Plaintiffs’ attorneys have been poking and prodding at potential loopholes in SLUSA since it was enacted. One of their more successful efforts has been to bring claims on behalf of “holders” of securities, such as VA contract holders. Some courts have encouraged this approach by finding that SLUSA does not block these suits, or at least does not block them under some circumstances.

In response, class actions of “holders” have mushroomed. These cases complain about market-timed trades, market research, sales loads and more.

Most of the major insurance companies in the VA market have been slapped with class action suits by holders in the last couple of years. This will not be alleviated under the new Class-Action Fairness Act of 2005, because it does not apply to suits about securities. But the Seventh Circuit’s decision does strike a strong blow against the latest tactic for avoiding the standards Congress has imposed to protect against frivolous securities suits.

The court flatly rejected the technique of bringing lawsuits solely in the name of “holders,” ruling that this is no get-out-of-SLUSA-free card.

Thus far, the Seventh Circuit’s view is law only in Illinois, Indiana and Wisconsin. But that three-state area includes one of the most notorious plaintiff-friendly state courts in the country–Madison County, Illinois. Madison County has been derided by business groups and legislators, and most recently became the poster county for the new Class-Action Fairness Act when President Bush highlighted its class-action claim to fame during the signing ceremony.
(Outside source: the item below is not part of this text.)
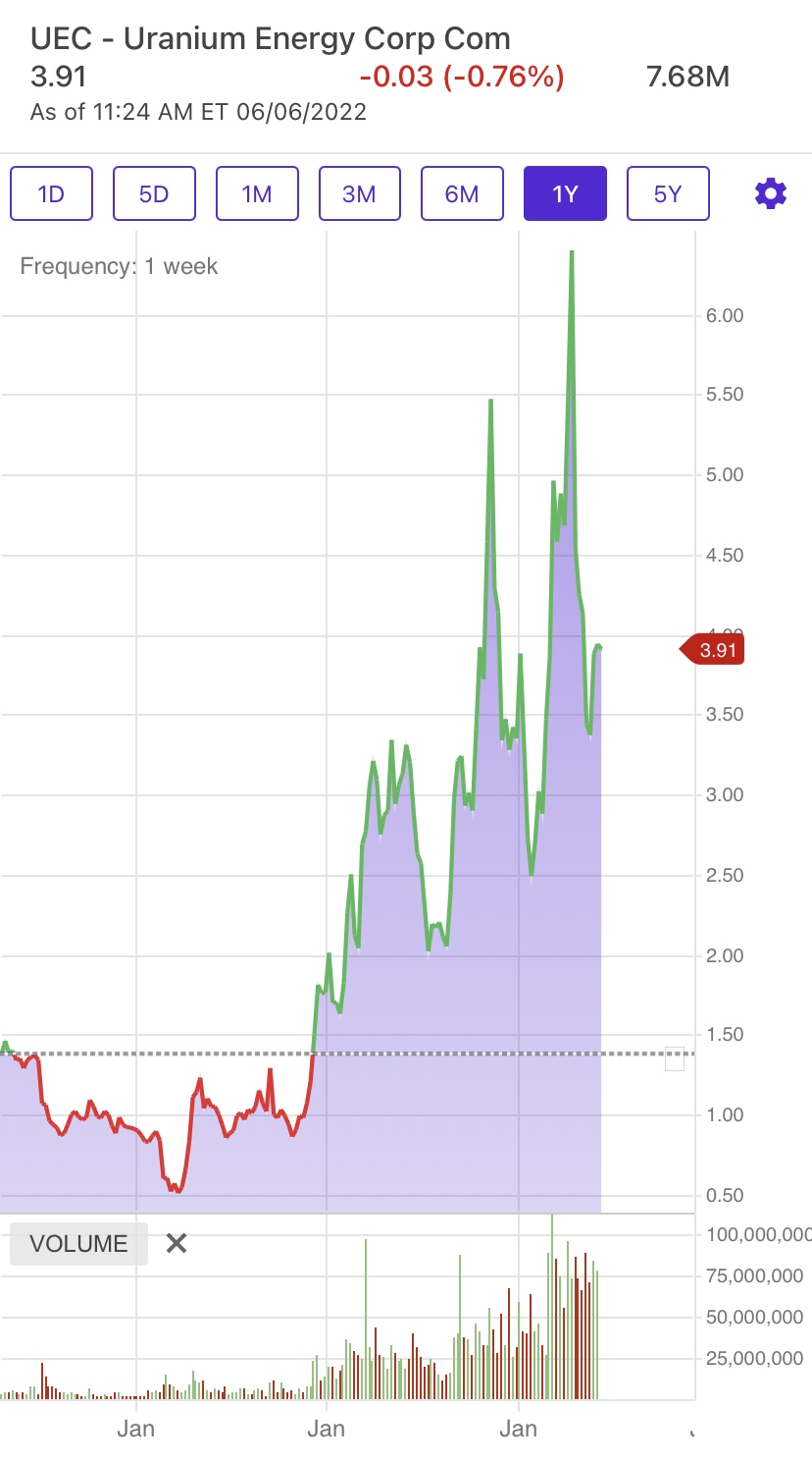 The only wildcard stock I’m holding is UEC. Uranium play. I’ve held a position since 2016. I’ve sold and bought back over the years but always had some. Took a lot of the table at $5.00 & $6.00 and now I ponder should I buy more since my position is smaller. We shall see. But I’d hold a small position and dollar cost average a bit, I think it could be a $25.00 stock some day. I could be totally wrong though so this is not trading advice! Gotta love this chart though! I pulled it back so it’s about 3 years not 1 year chart.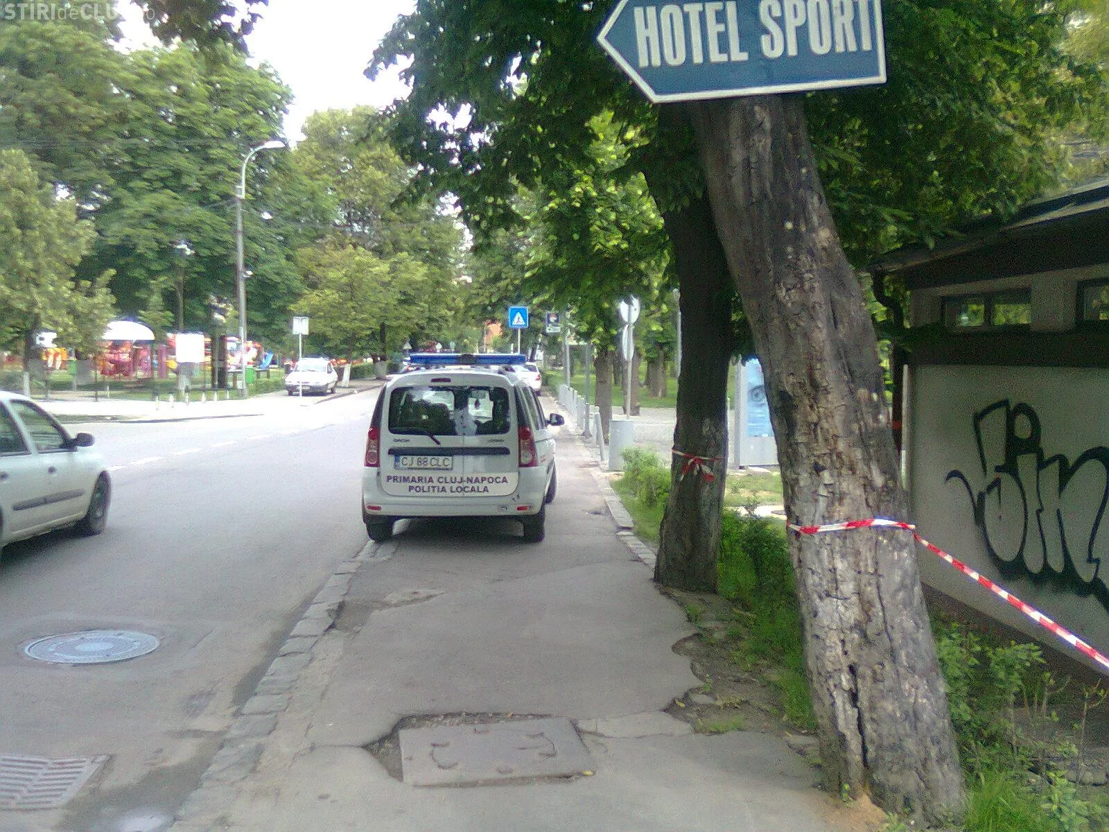 ”Trecand cu bicicleta pe trotuarul din spatele Casino-ului Chios a trebuit sa cobor de pe bicicleta ca sa pot trece de masina condusa de doi politisti de la Politia Locala Cluj, care au parcat neregulamentar pentru a merge la WC-ul public de langa.

All 10 of the lawsuits the Seventh Circuit just ordered dismissed had been filed in Madison County.

Though challenges to the appeals court decision may be brought, the decision is a major step forward for VA providers and the industry as a whole.

Nory Miller is counsel and Jeffrey Puretz is a partner with Dechert LLP. Miller, based in Philadelphia, can be reached at Nory.Miller@Dechert.com. Puretz, based in Washington, D.C., can be reached at Jeffrey.Puretz@Dechert.com.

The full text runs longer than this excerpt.